In order to effectively organize and manage this virtual team, the researchers cleverly integrated the waterfall model in the software development methodology into the framework, and formed a basic team consisting of three ChatGPT roles (namely analyst, programmer and tester) , implement the analysis, coding, and testing phases of the software development process.
The experimental results show that compared with directly using large model code generation, the performance of self-collaboration code generation is greatly improved, and even makes GPT-3.5 surpass GPT-4. Furthermore, the researchers show that self-collaboration enables large models to efficiently handle more complex real-world code projects that are often intractable by direct code generation.

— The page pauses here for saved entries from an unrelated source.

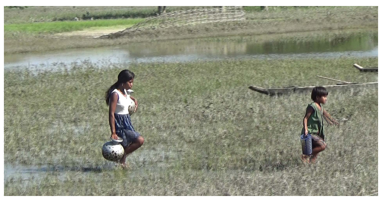
Girls collecting domestic water from flooded fields, Majuli Island in Brahmaputra River
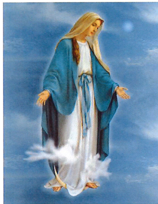
Assumption of the Blessed Virgin Mary
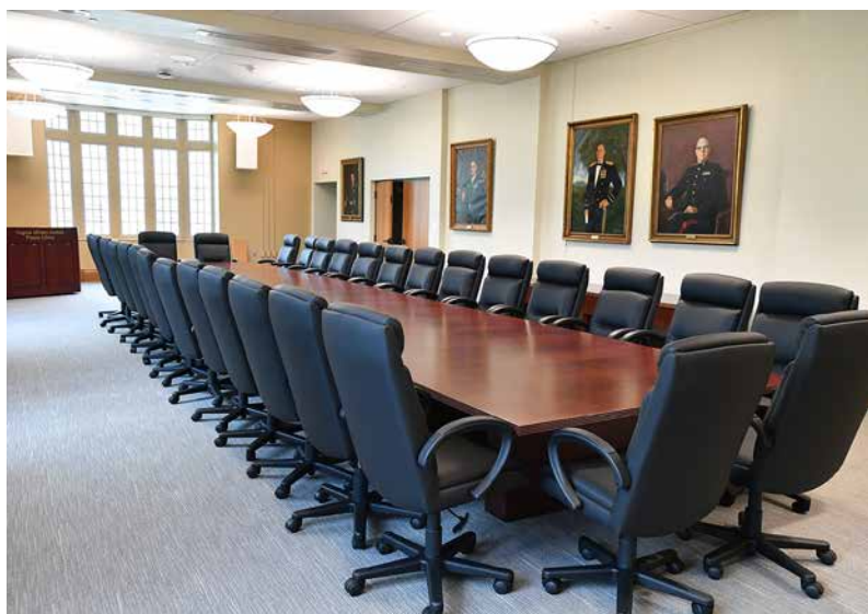
The Turman Room now has conference-style seating and will be used as a classroom this fall.

The library's top three floors—the seventh, sixth, and fifth—are all complete. On the floors below, work is ongoing, with the goal of completion by Thanksgiving.
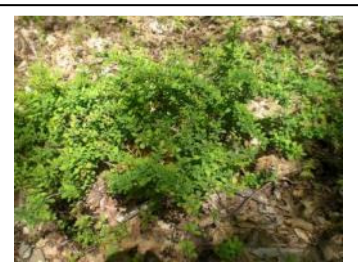
Figure 10 Japanese barberry

Japanese Barberry, Berberis thunbergii , a plant listed as invasive on the Connecticut Invasive Plant Species List, is present in the understory of the wooded slopes uphill from Mashamoquet Brook in Mashamoquet Brook State Park.
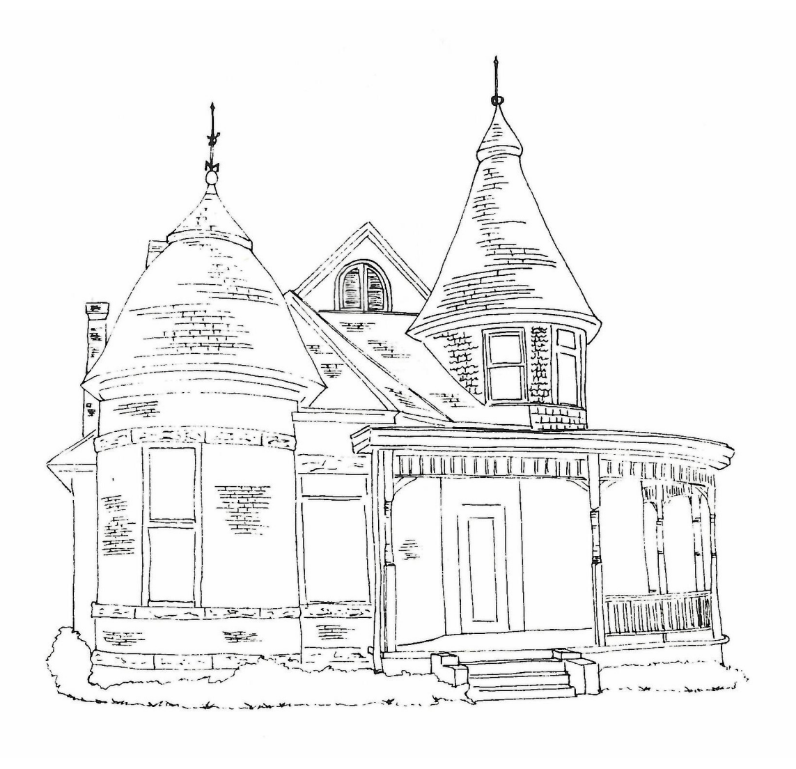
Figure 43. The Holtzman-Visonhaler-Vogler House at 512 E 9th Street is an example of Queen Anne (Victorian) style architecture. This graphic is from the 1996 edition of the Guidelines.
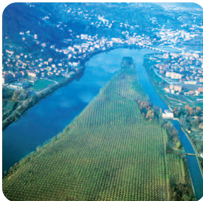
Plantation of poplars in the fluvial park of Po in Turin

For the future, the environment constitutes an important element in the image of cities, susceptible to favouring the implantation of companies or neighbourhoods. Nature is used as an advertising slogan in certain products like mineral waters (Xarxa). Certain collectives use environmental policies to give the city the image of a more natural character and to participate in the very identity of the agglomeration. In this sense, we can note that the slogan of the city of Le Mans is "Le Mans, sacred Nature!", it is directly based on the existence of the Arche de la Nature park. Films, whether artistic or advertising, are sometimes shot in these spaces. No less than 300 advertising films have been shot in the Amsterdam woods!

Figure 1: The Self-collaboration framework for code generation and its examples.
This research has created a new path of software development using artificial intelligence language models, which closely integrates artificial intelligence with all stages of the software development process, which not only improves development efficiency, but also ensures software quality. By exploiting the potential of LLMs such as ChatGPT, stronger support for inter-model cooperation and interaction can be provided, thereby facilitating the success of virtual teams in handling complex software development tasks. This self-collaboration framework provides a new and more efficient approach to automatic code generation, helping to drive innovation and advancement in the field of software development. Furthermore, this work can serve as a basis for future research on self-cooperative methods in various fields and the development of more advanced and specialized virtual teams for more complex tasks.
The following is a detailed introduction to the Self-collaboration framework and the example of establishing a virtual team according to the software development methodology based on the framework.
Self-collaboration framework
Given a requirement x, perform Self-collaboration with a large model to generate an output y. The task is defined as . The Self-collaboration framework consists of two parts: division of labor and cooperation.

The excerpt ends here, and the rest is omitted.